Положив телефон в карман дрожащей рукой, я сполз по стене, тупо глядя перед собой.
— Сотня. Они готовы заплатить сто тысяч за мой сценарий.
Ива пискнула и, обхватив себя руками, плюхнулась в кресло.
— Охренеть можно. Ты чего, первое место там взял?
— На конкурсе? — тупо переспросил я. — Нет. Но сценарий понравился одному режиссёру, он считает, что по нему можно снять фильм.
В следующую секунду меня захлестнуло багровое визжащее торнадо. Ива прям-таки искрила счастьем, обнимая и зацеловывая куда попало.
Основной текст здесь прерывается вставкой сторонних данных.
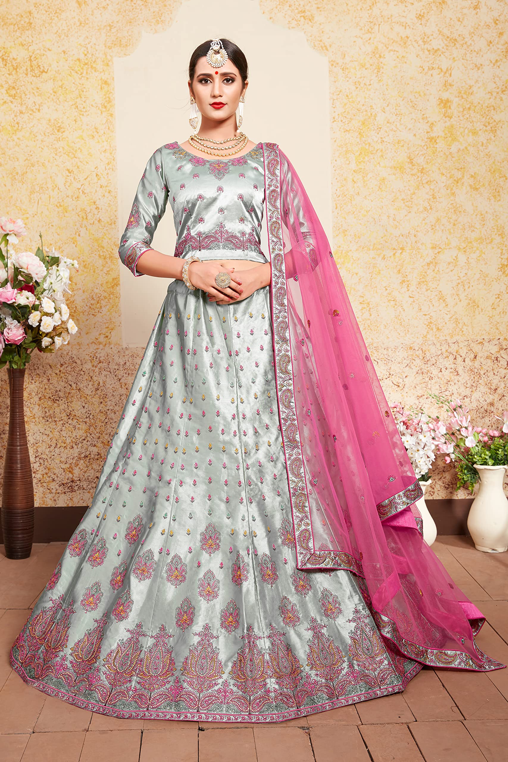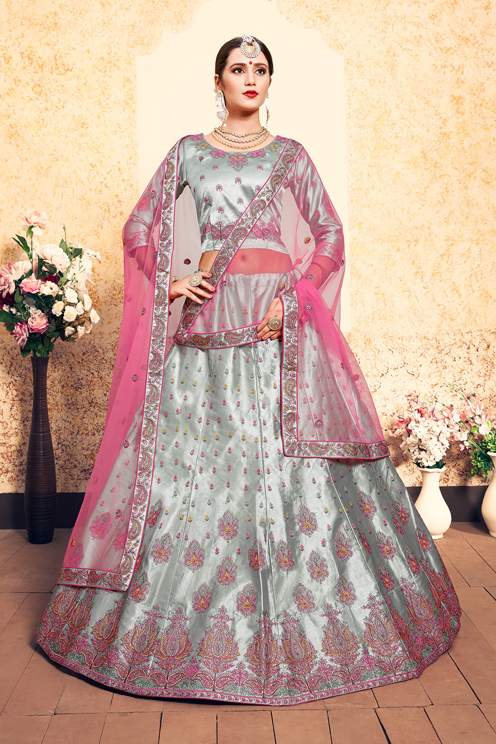FUSIONIC Beautiful Grey colored Soft Net base designer Lehenga Choli For Women

Так мы провели некоторое время — в объятиях друг друга, обалдевшие от счастья. Потом стали думать.
— Получается, у нас теперь много денег? — голос Иволги дрогнул.
Я кивнул, пробежавшись пальцами по её спинке.
— Сможем уехать, как только мне заплатят.
Ива слезла с коленей и уселась на кровать.
— Я все-таки задержалась бы, хотя бы до осени.
— А ты не думаешь, что на севере будет легче обосноваться как раз летом?
Мелкая повела плечами.
— В любом случае, тут ещё остались дела.
— Это какие же?
Пригладив чуть взъерошенные волосы, Иволга глубоко вздохнула и потянулась за сигаретами. Я отодвинул её подальше, красноволосая недовольно цыкнула и плюхнулась обратно, закинув ногу на ногу.
— Поговорить с Русом. Решить вопрос с Киром. Попрощаться.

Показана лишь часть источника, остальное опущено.